深紅の花に姫君《改装版》



「お前と一緒にいてやっと分かった事だ。だから、お前が闇に捕らわれそうになった時は、俺が引っ張り出してやる」


レインはそう言うと、いつものような優しく不敵な笑みを私に向けた。


その笑顔に、少しだけ泣きそうになった。それでも、レインに笑顔を見せたくて、私は精一杯笑顔を浮かべた。


「時々、私は深く、暗い水底に沈んでいくような事があるんだけど……」



それは、まるで私が抱く、『本当』の気持ちの数々が、海のように大きな水溜まりになり、私はその中で気づくんだ。



私は綺麗事ばかりを口にして、『本当』を誰にも見せない。そう、王子という外見だけでなく、心すら、私は偽っているんだと実感させられた。



それが、レインの言う私の闇なのかもしれない。でも、私がその闇に捕らわれた時、必ず救い出してくれる手が現れた。



「…レインは、私をいつも闇から掬い上げてくれる。
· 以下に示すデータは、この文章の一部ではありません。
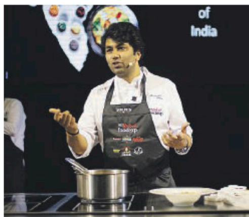
TALENTO Tra gli ospiti tanti chef internazionali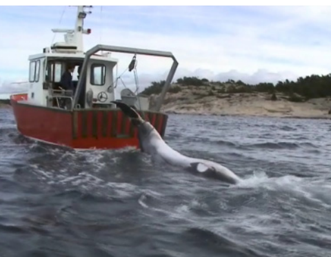
Vikvalen tillhör familjen fenvalar och känns igen på det vita bandet på bröstfenorna

En järnvägsräls som var något kortare än valen visade sig tillräcklig för att få valen att sjunka och allt hängdes bakom laboratoriets forskningsfartyg Nereus. En sista, om än mindre trevlig, provtagning av eventuella parasiter i valens mage utfördes under tillresta mediers överinseende. Solen sken och båten var full av studenter när vikvalen bogserades ut och placerades på 125 meters djup i Kosterfjorden.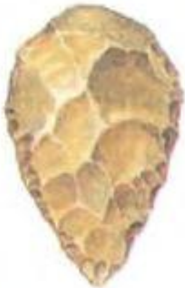
Каменное рубило. Найдено при рас- копках.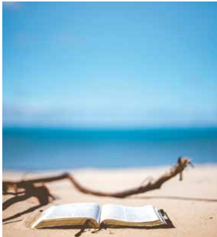
Llocs com la platja són ideals per encomanar-se a la lectura.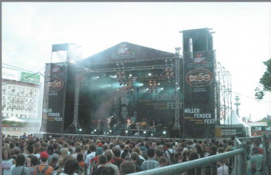
Фестиваль Miller Fender Fest. Болотная площадь.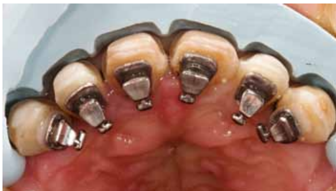
Мал. 8. Контроль вільного простору за допомогою силіконового шаблону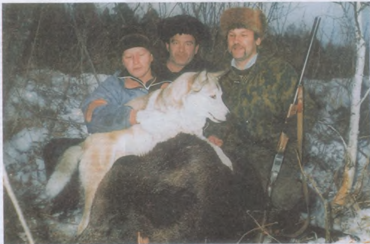
Фотоконкурс «Охота и природа, 2004»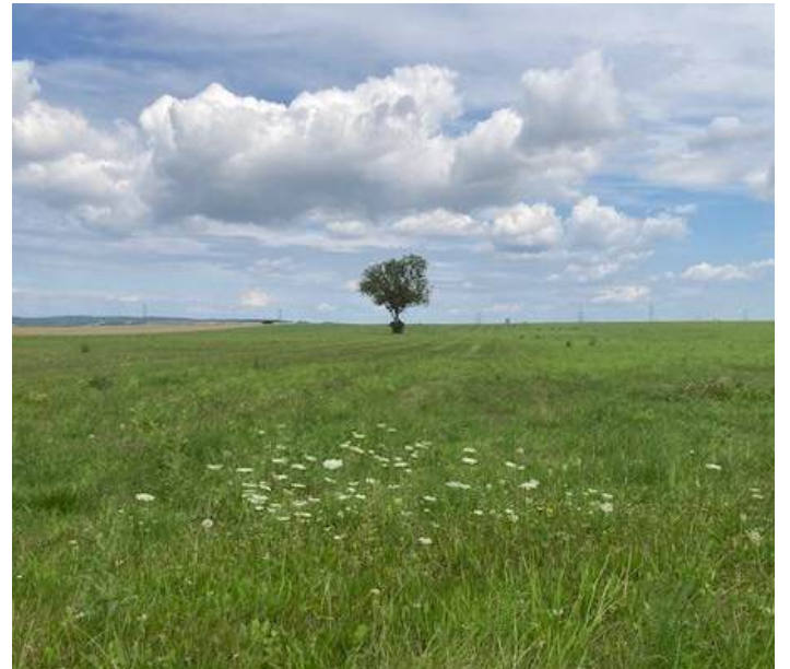
Früher Abend am Brunenberg, Goldgeben Richtung Zissersdorf.

その、口から溢れる一つ一つの言葉に、私は…悩んでたのが嘘みたいに、簡単に笑顔になれるんだよ」



私は地面に膝をついた状態で、レインに右手を差し出す。



「当たり前だ」


レインは不敵に笑い、私の手を掴むと、力強く引き上げてくれた。


「そんで、こいつらはどうしてここに居やがんだ」


レインは、ダート兵に混じってアフィカ兵を襲う、ヴァンパィアに目を向ける。


「状況が分からないけど……このままでは、アフィカ兵の方が不利。まずはヴァンパィアをどうにかしなければ…」


私はスヴェンに目を向ける。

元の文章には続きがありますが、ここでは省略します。